▸ Assigned task: The listing below must be returned in full and unchanged, without the images it carries.

▸ Provided material:
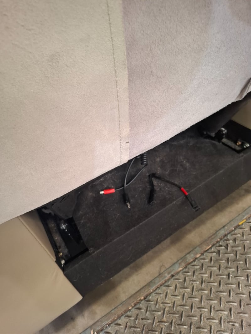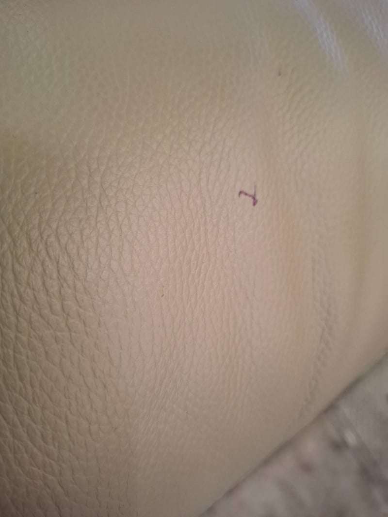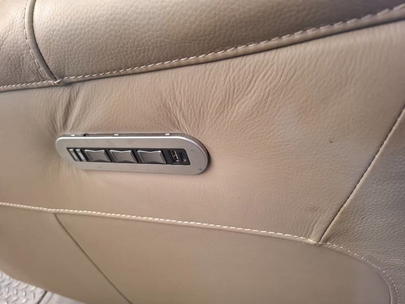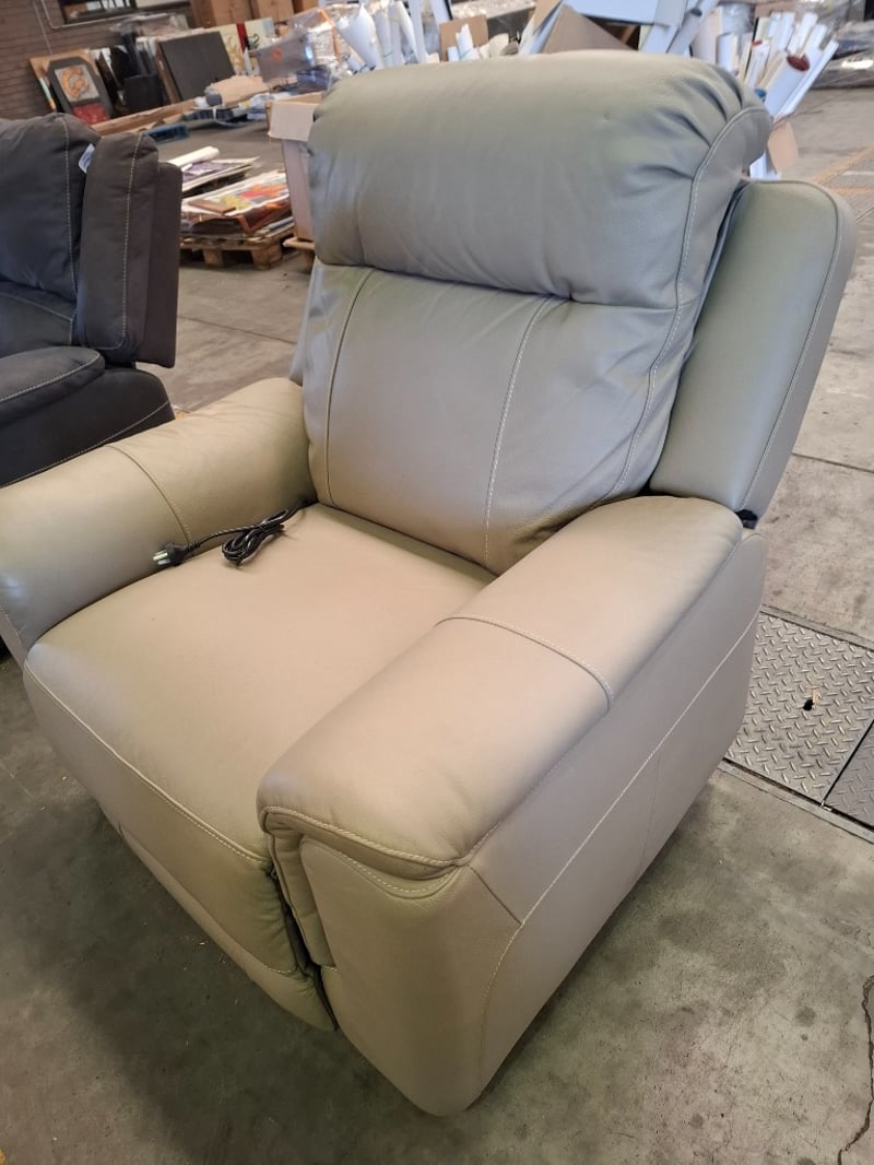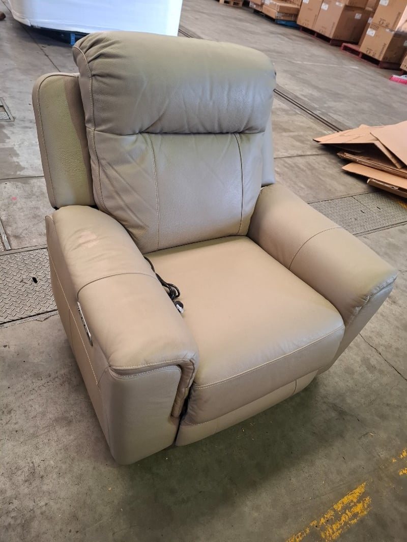 Electric recliner, sand coloured leather style, USB portDimensions: 100 cm ( W) x 100 cm ( D) x 107 cm( H)NOTE: VISIBLE STAIN , PENCIL MARK, INSPECTION RECOMMENDED
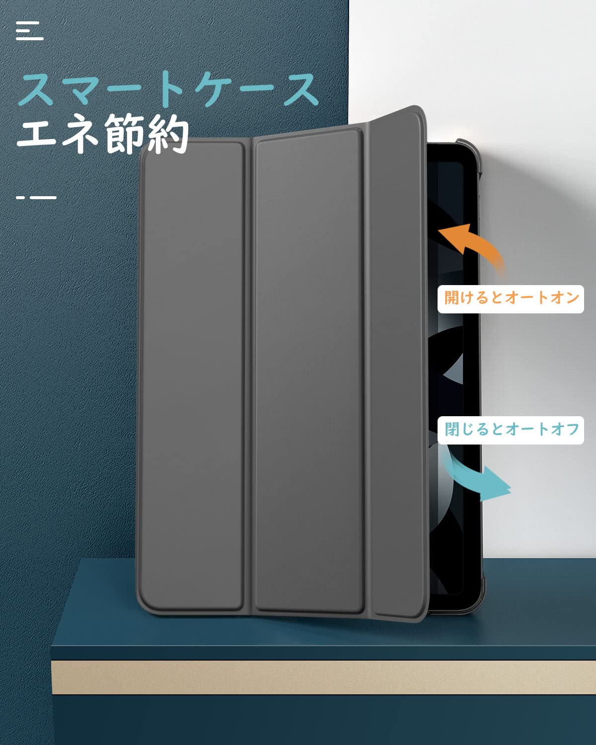 「オートスリープ機能」 オートスリープ機能でカバーを開ける閉めることで電源自動的にオン・オフなります。マグネット内蔵されているためカバンに入れてもカバーが勝手に開けることを心配必要なくしっかり閉められます。
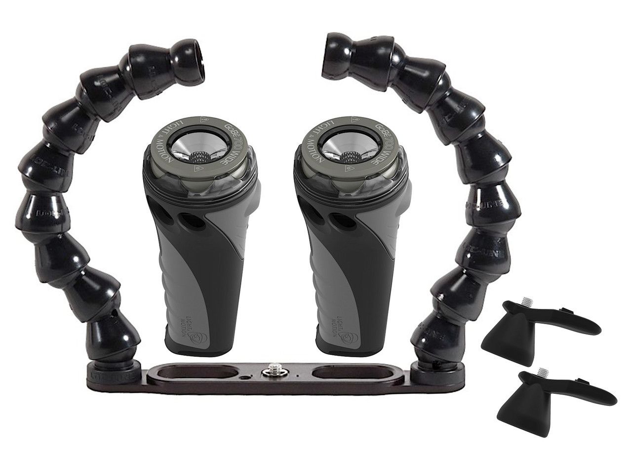 A new high quality dual light set from Light & Motion. This light set is small and compact, with a design that allows you to use it both topside and underater. The various light heads provide high quality even lighting. Interchangeable light heads create an extremely versatile lighting system.
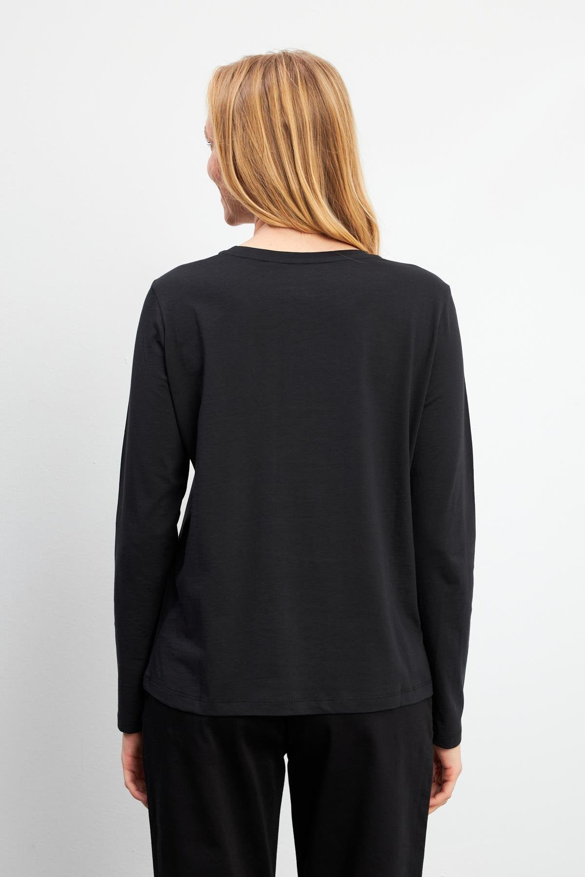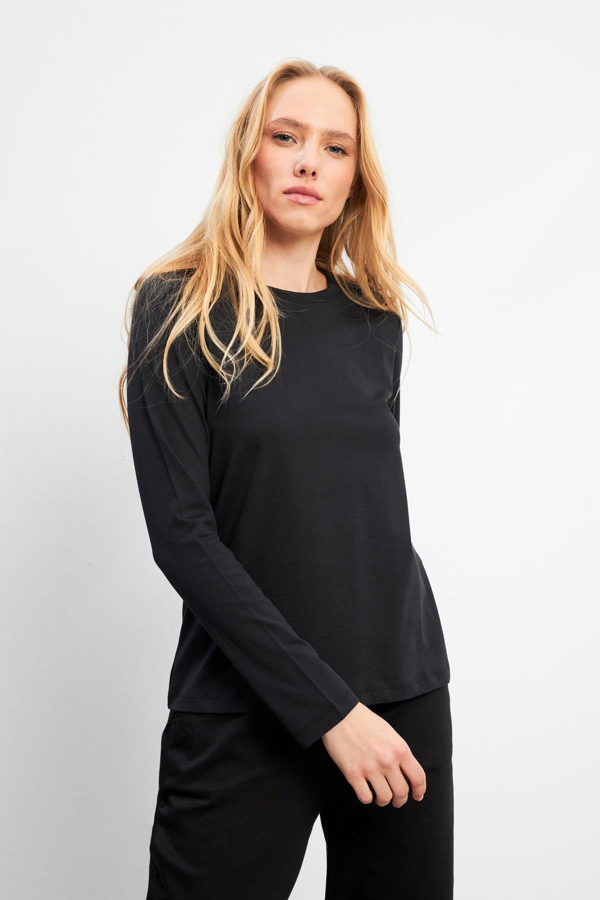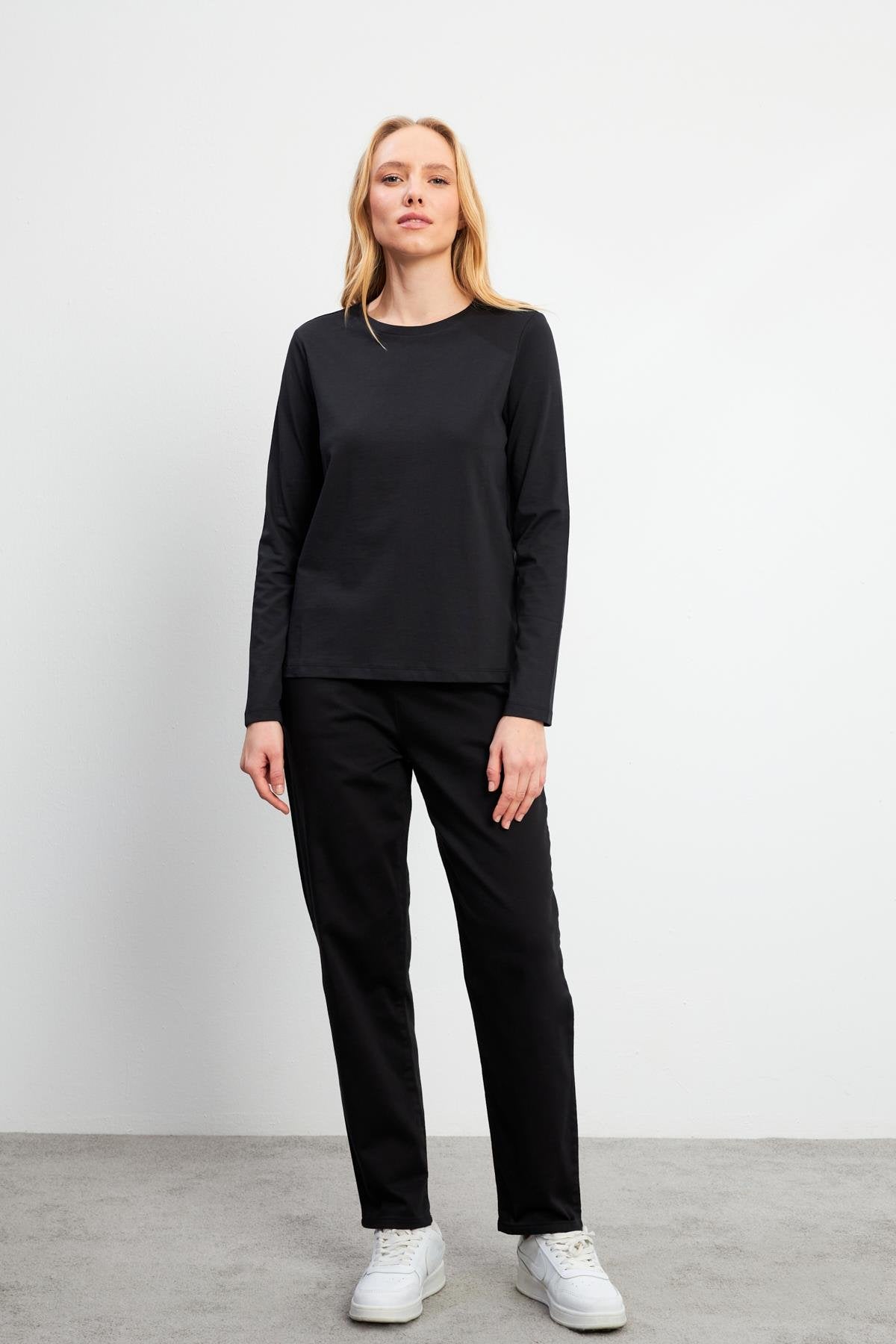 Kadın Gloria Bisiklet Yaka Regular Fit Uzun Kollu Basic Tişört %100 Pamuk - Siyah

▸ Response area:
 Electric recliner, sand coloured leather style, USB portDimensions: 100 cm ( W) x 100 cm ( D) x 107 cm( H)NOTE: VISIBLE STAIN , PENCIL MARK, INSPECTION RECOMMENDED
 「オートスリープ機能」 オートスリープ機能でカバーを開ける閉めることで電源自動的にオン・オフなります。マグネット内蔵されているためカバンに入れてもカバーが勝手に開けることを心配必要なくしっかり閉められます。
 A new high quality dual light set from Light & Motion. This light set is small and compact, with a design that allows you to use it both topside and underater. The various light heads provide high quality even lighting. Interchangeable light heads create an extremely versatile lighting system.
 Kadın Gloria Bisiklet Yaka Regular Fit Uzun Kollu Basic Tişört %100 Pamuk - Siyah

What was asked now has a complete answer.